Britu doubted that his mother and father would consider that. They blamed him for everything under the sun. This was just one more thing for them to be angry with him about.
“I have Owain's journal with me,” Swale continued. “I shall write a letter to King Irael at once and give him the journal when he arrives, as I am sure he shall come.”
“And my father and mother?” Britu asked, bitterly. “What do I say to them?”
“Nothing at all,” Swale replied, his own distress filling his voice. “As I said, it was my choice. I shall tell them myself.”

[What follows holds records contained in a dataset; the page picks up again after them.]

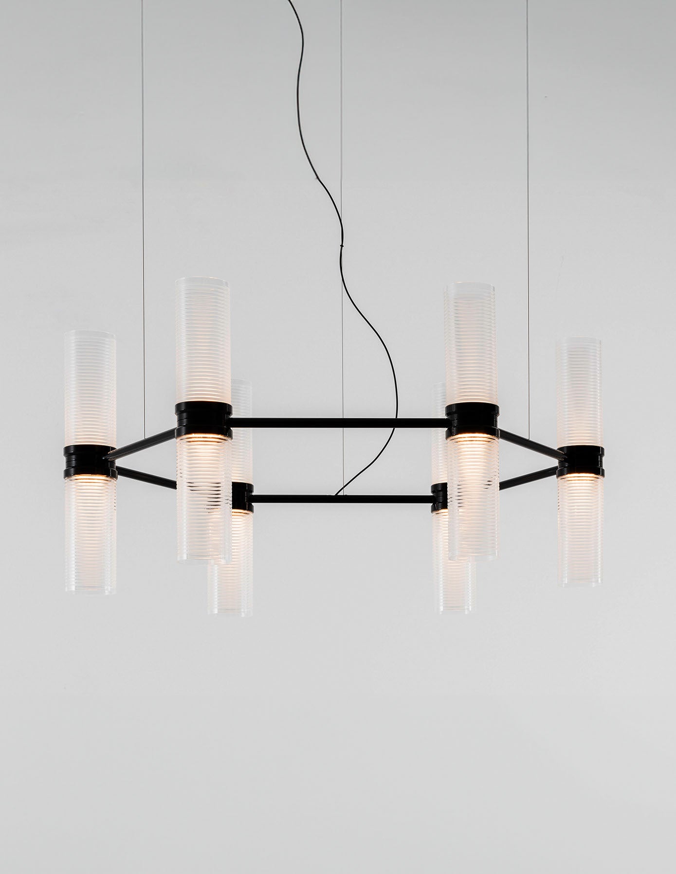 The Artemide Zephyr is a minimalist and elegant pendant that reinterprets the traditional chandelier with contemporary sophistication. Designed by Carlo Colombo, Zephyr features a modular frame system that enables infinite custom layouts to suit the specific needs of each project. The distinctive modular element comprises a double cylindrical diffuser with a central body that encloses the integrated LED light sources. Through two innovative rings that rotate on the same axis, the system defines the position of neighbouring lighting bodies by precisely positioning the connecting structural elements. The hand-blown glass diffuser creates a horizontal texture for glare-free diffusion. This hexagonal suspension features 55W of power delivering 4093lm of warm 3000K light. Available in black or bronze finish with PUSH/DALI or APP controlled dimming. Made in Italy.
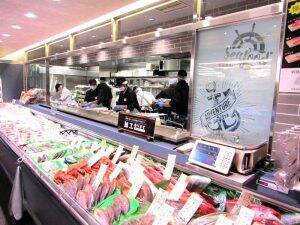 対面売場では、来店客とのコミュニケーションや魚文化の伝承を図るべく、調理場との間のガラス板を取り払い、ライブ感を演出。三枚卸しや塩焼き用など来店客の要望に合わせた加工調理に応じている。
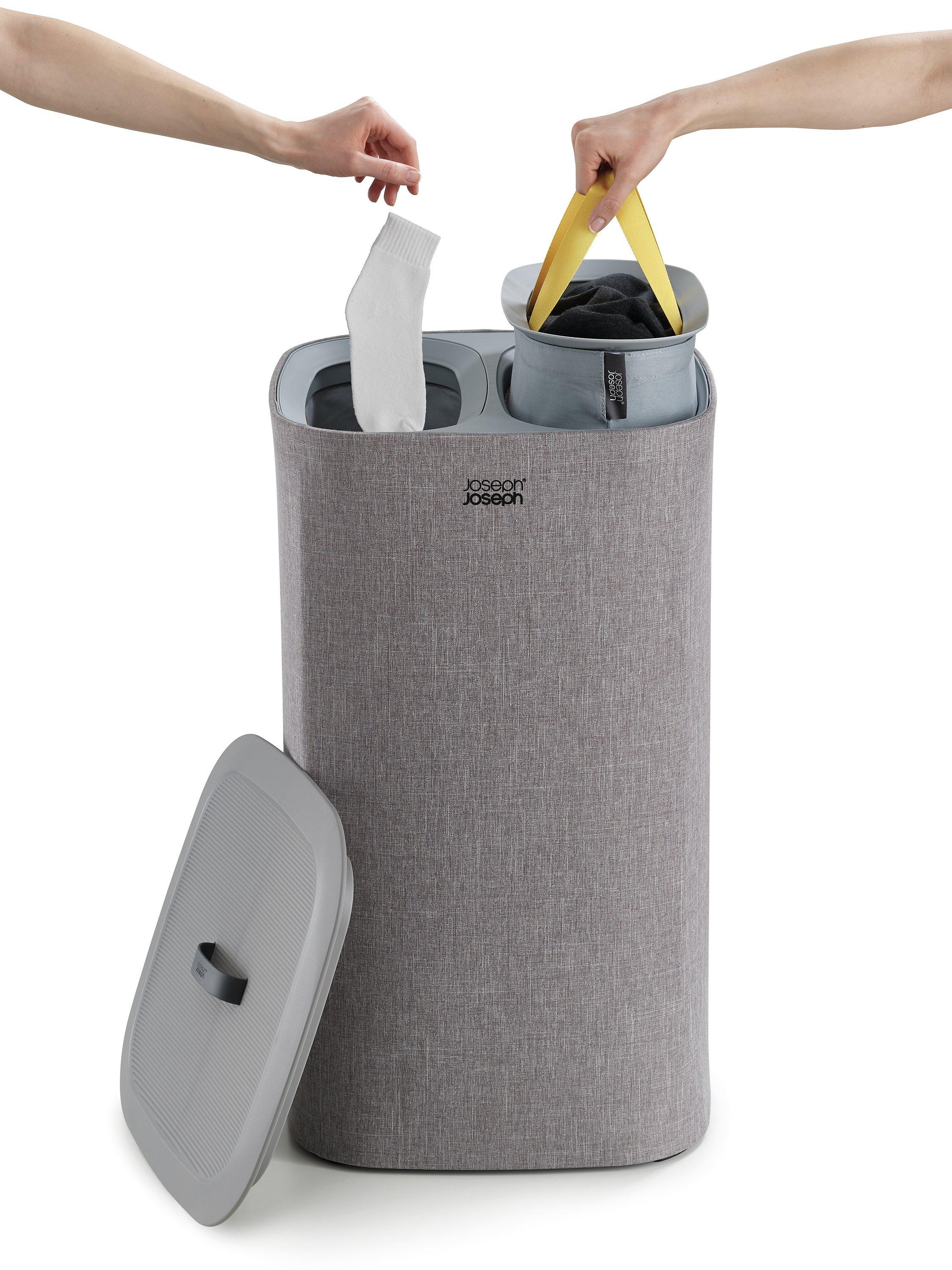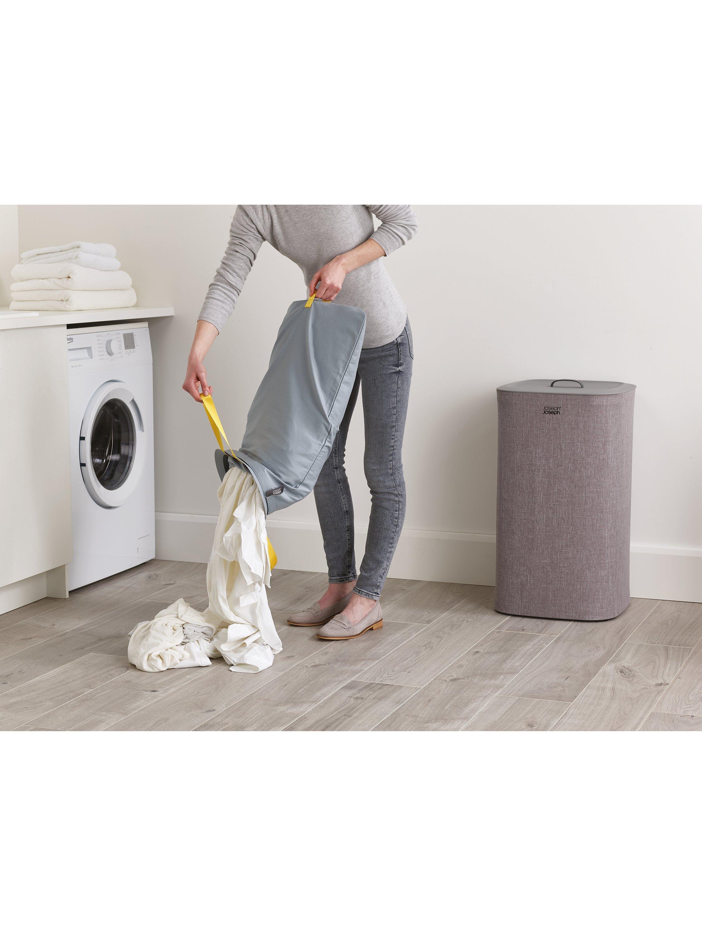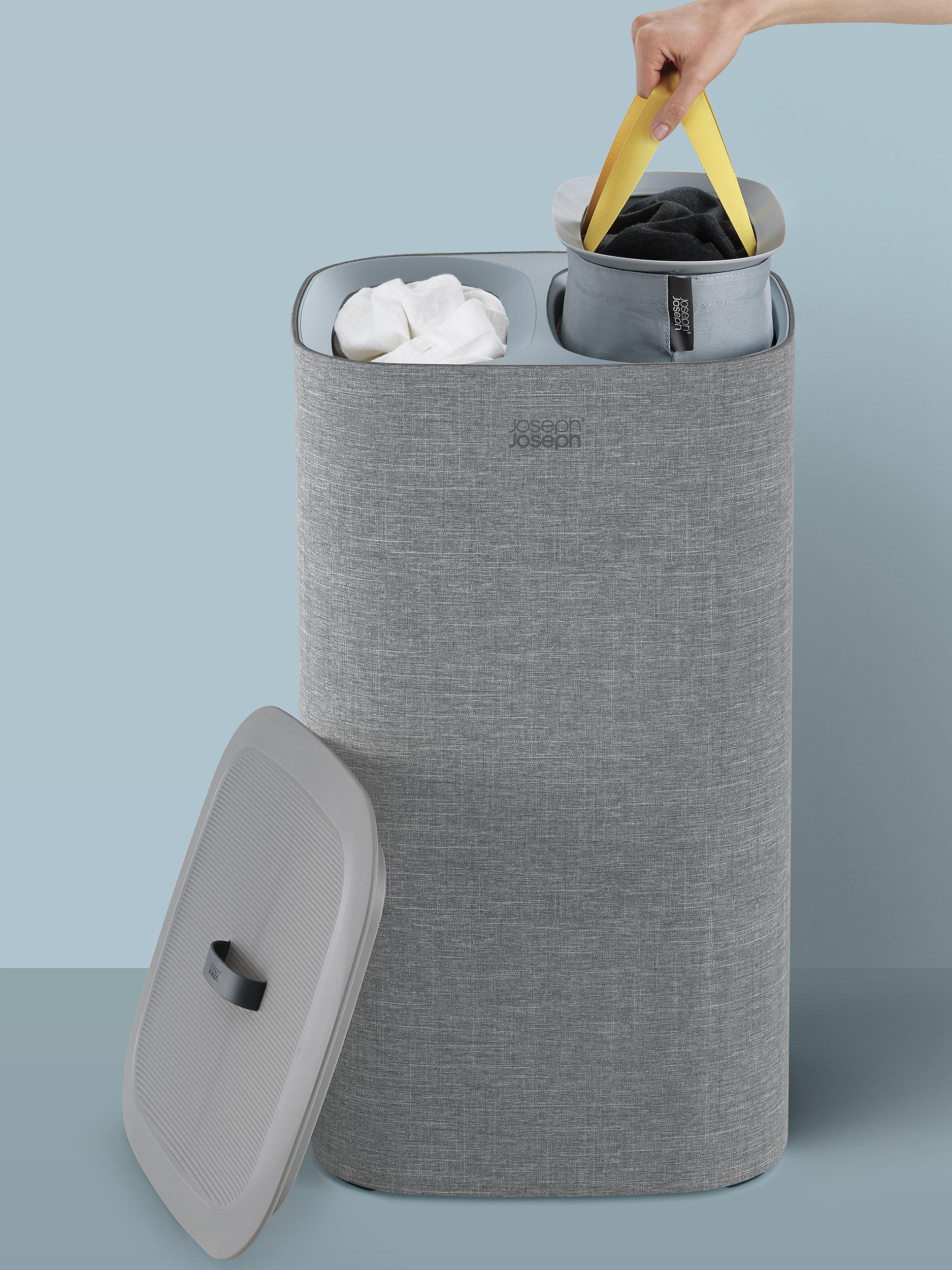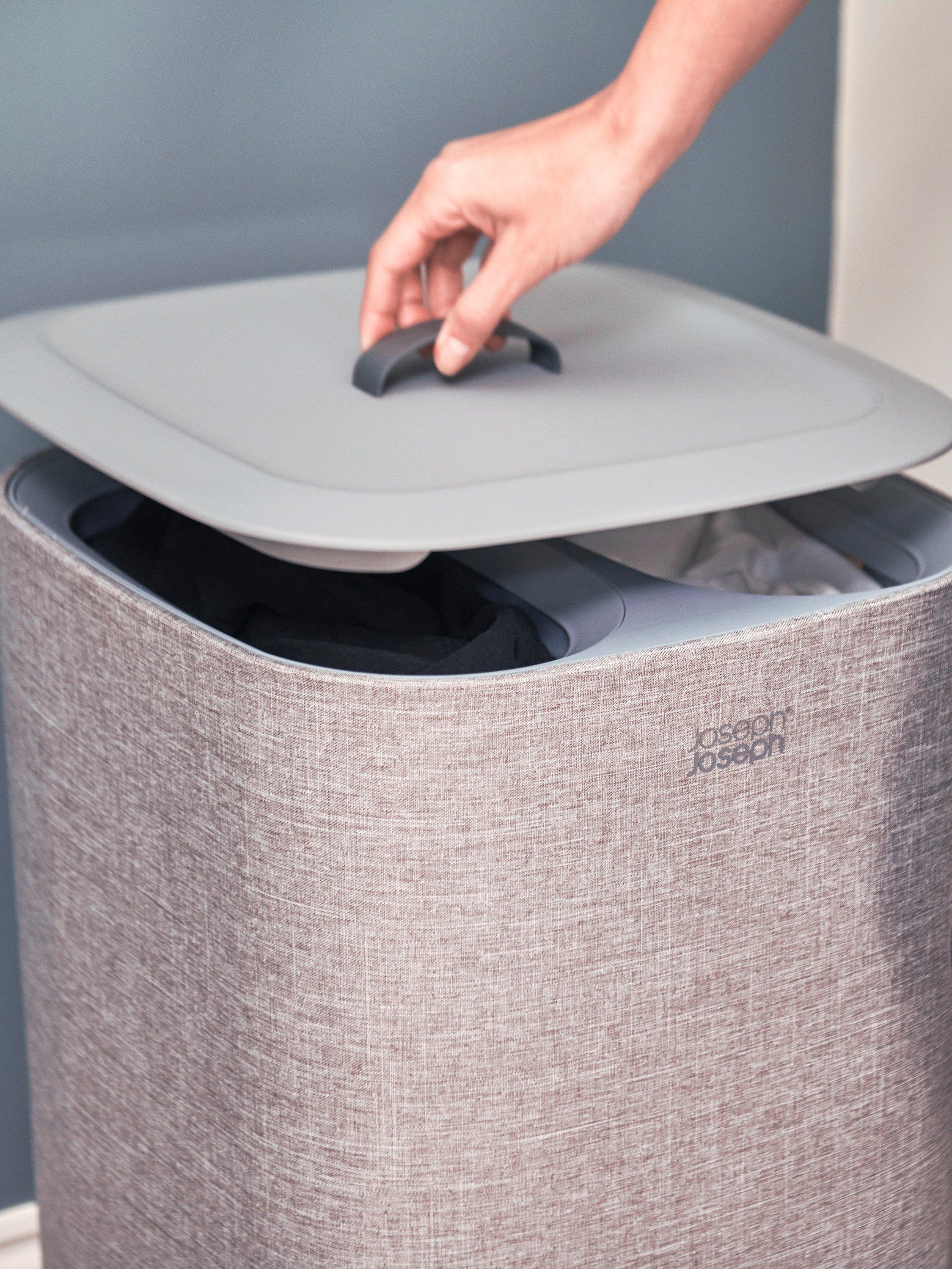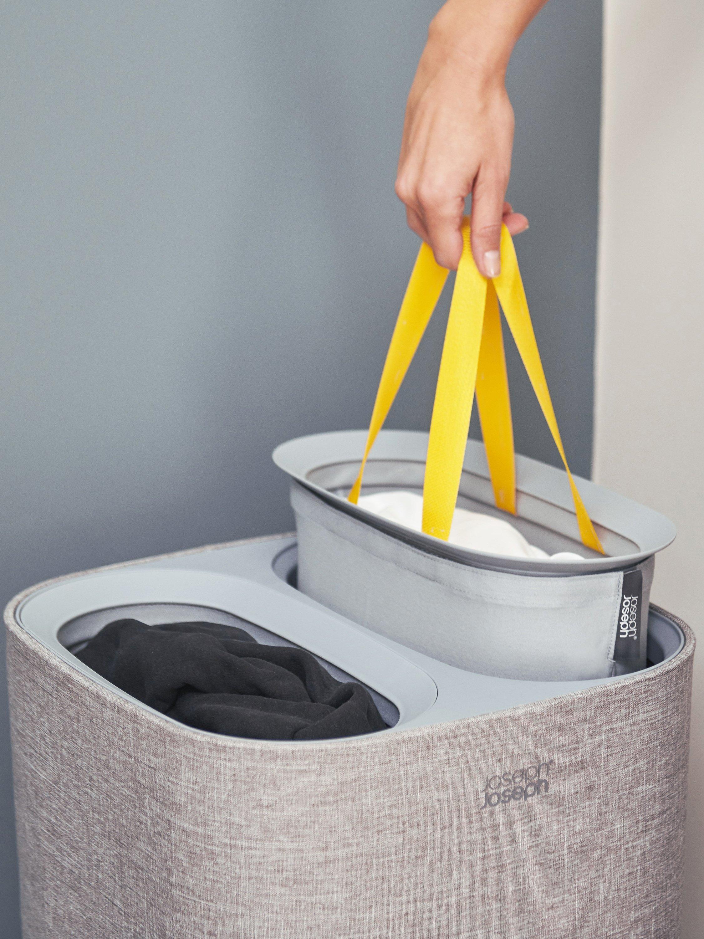 Beneath the lid, 2x 30-litre fabric tote bags allow you to separate washing into light and dark/coloured fabrics. Each bag has handles at the top, enabling you to conveniently lift and carry it straight to the machine and a helper handle on the base to make emptying easier. When replacing each bag in the basket there’s no fiddly ties or buttons to do up either as the self-locating rim ensures it drops perfectly back into place, ready for the next load.

“Then I shall ride to Anlofton in the morning and be sure of her identity,” Britu said, hoping that his parents' wrath would be cooled in his absence. “What was her name?”
“Leola daughter of Hobern.”
Britu was surprised that Swale should remember and not have to look at the journal entry to be certain.
“Very well. Leola then,” he said. “What a strange name. There cannot be too many of those around.”
Swale went to find Britu's parents, and Britu sank into a convenient chair.
He had known something would happen all along, had been sure of it, and now his mother and father would be enraged. Perhaps Swale would receive the start of it, but Britu knew that his parents would eventually direct their wrath on him, whatever Swale said.
The sunrise brought Britu, Prince Iestyn, and over twenty knights into the tiny village of Anlof. They stopped by one grass covered hut and inquired after Leola.
“I'm looking for a pregnant woman who claims to be the wife of a Britannae prince,” Britu said in Brythonic, and Prince Iestyn repeated it in Saxon.